Labor and Employment Secretary Rosalinda Dimapilis-Baldoz enjoined employers in the private security industry to comply with Department Order No. 150-16, or the “Revised Guidelines Governing the Employment and Working Conditions of Security Guards and other Private Security Personnel in the Private Security Industry, to ensure that mandated employment benefits and working conditions for security guards and other private security personnel are properly given.

 

“I enjoin all employers in the private security industry to comply with D.O. 150-16 which spelled out the rules on employment and working conditions of security guards and other security personnel who put their lives and limbs on the line in the performance of their duties,” said Baldoz.

 

D.O. 150 amends Department Order No. 14, Series of 2001 by introducing key improvements in simplifying description of employment status. It also specifies the composition of a service agreement; stipulates the rights and benefits of a security personnel; and explains further the rules on deductions for loss or damage as well as deductions for the cash bond.

The Labor and Employment Chief added that D.O. 150-16 concretized the guidelines toward voluntary compliance of security agencies with general labor standards (GLS) and occupational safety and health standards to ensure the social welfare and protection of security guards.

 

D.O. 150-16 also states that security guards and other private security personnel assigned to a person or company/principals are considered employees of the security service contractor or private security agency (PSA).

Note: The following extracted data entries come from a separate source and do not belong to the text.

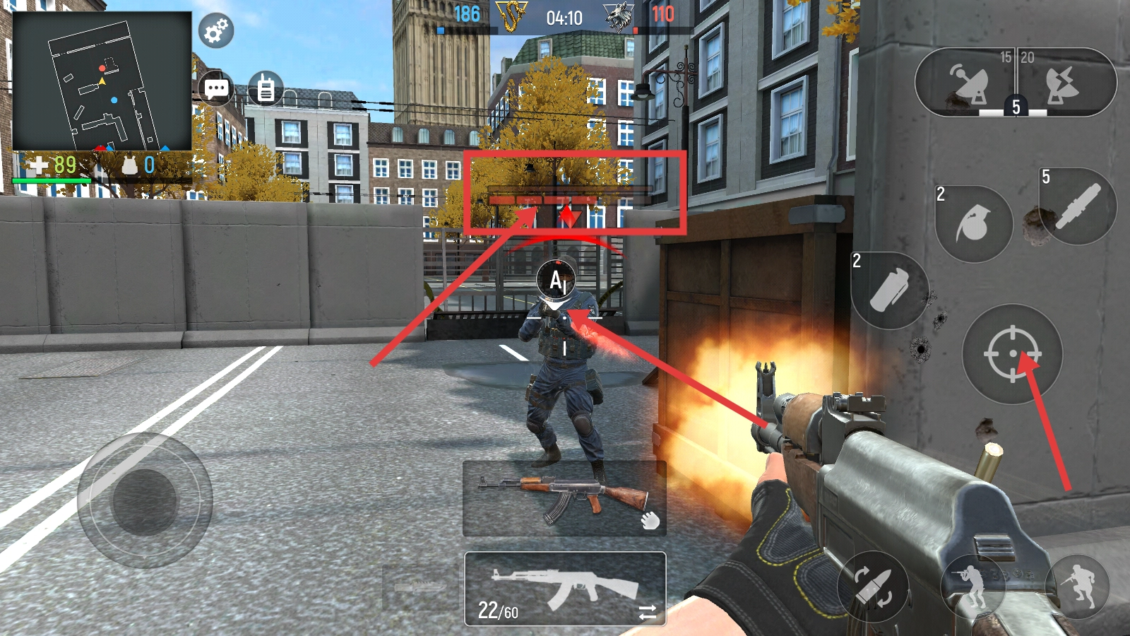 遇敌时锁定敌人,按下射击键开火,借助【AK-47】的火力进行压制,留意弹药【22/60】的消耗情况。
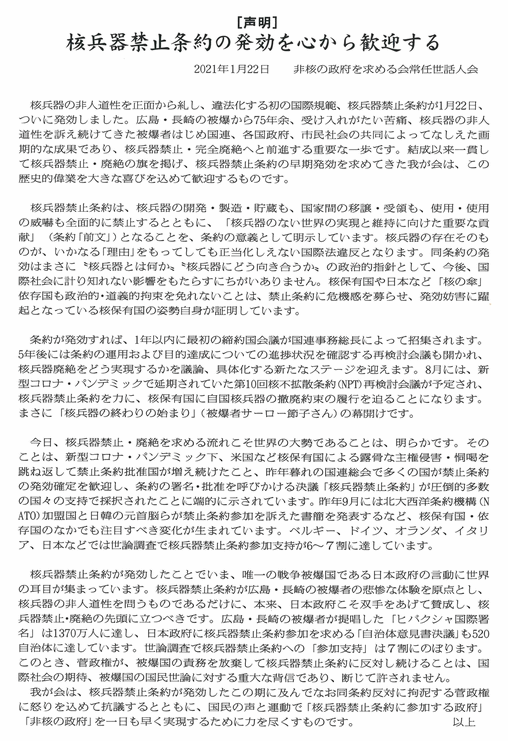非核の政府を求める会は1月22日、次の声明「核兵器禁止条約の発効を心から歓迎する」を発表し、日本政府と各党、および各国の駐日大使館宛て(英文)送付しました。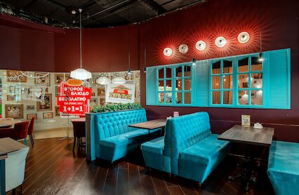 - Большой ресторан с открытой кухней в ТРЦ «Охта Молл»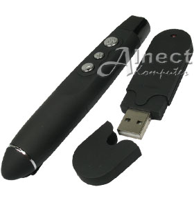 Perangkat remote kontrol berbentuk pena ini digunakan untuk keperluan navigasi layar presentasi jarak jauh tanpa kabel (wireless) seperti kontrol manual slide show dan laser pointer untuk memudahkan pointing ke objek presentasi.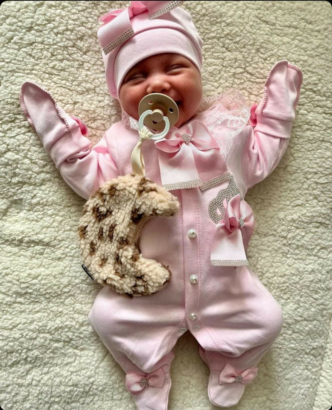 Comes with a matching hat and Baby Mittens. The Playsuit has a unique color combination of Pink and White.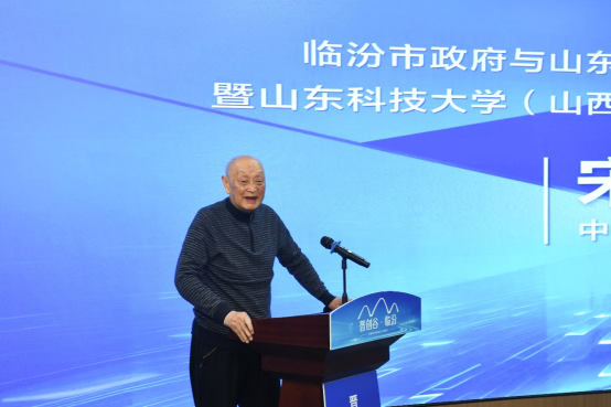 宋振骐院士在致辞中对山西研究院的成立表示祝贺,他介绍了bwin·必赢(中国区)官方网站-officialswebsi山西研究院的成立背景,深情回顾了在山东矿业学院的求学和成长历程,勉励研究院要紧密围绕山西省和临汾市固废处置,为山西省乃至全国提供可复制、可推广的示范路径。

When a service agreement is entered into between a PSA and a principal, the DOLE Regional Office concerned can order the parties to submit to them a copy of the agreement.

 

“The service agreement between the two parties should contain, among others, provisions relating to the nature of the work to be done, its terms and conditions, and the basic equipment to be provided to the guards,” said Baldoz.

 

D.O. 150-16 also provides for “automatic crediting provision” in the service agreement.  This means that in case DOLE’s Regional Tripartite Wages and Productivity Boards issue wage orders increasing the wages and other wage-related benefits of minimum wage earners, the principal shall shoulder the increase and the agreements shall be deemed amended accordingly.
This means the burden of making upward adjustments in the guards’ wages pursuant to DOLE’s orders has to be assumed by the principal even if they are considered employees of the PSA, and not of the principal.

 

In addition, the private security agency should make an undertaking to directly remit every month the employer’s share and employee’s contribution to the Social Security System, Employees Compensation Commission, Philippine Health Insurance Corp., and Home Development Mutual Fund.

 

The revised guidelines also provides for the inclusion of the Single Entry Approach (SEnA) program and the oversight function of the National Tripartite Industrial Peace Council and the Private Security Industry Tripartite Council, and a provision increasing the administrative fee of private security establishments from 10 percent of the total contract cost to not less than 20 percent of the total contract cost.

 

D.O.  150-16 also recommended formulas for the computation of the equivalent monthly rates of security guards and security personnel to ensure uniform treatment in the computation of wages and other wage-related benefits.  The formulas can be used to determine the guards’ equivalent monthly rates using their applicable daily rate.
The formulas take into consideration the number of days the guards are required to work in a year and whether or not they are considered paid or unpaid on Sundays, holidays and rest days.

 

D.O. 150-16 also emphasized that security guards and security personnel are entitled to retirement benefits under Republic Act Nos. 7641 and 1161 as amended by Republic Act No. 8282, and retirement plans of the security service contractor, if any; social security benefits; rights to self-organization and collective bargaining, subject to the provisions of existing law; and security of tenure.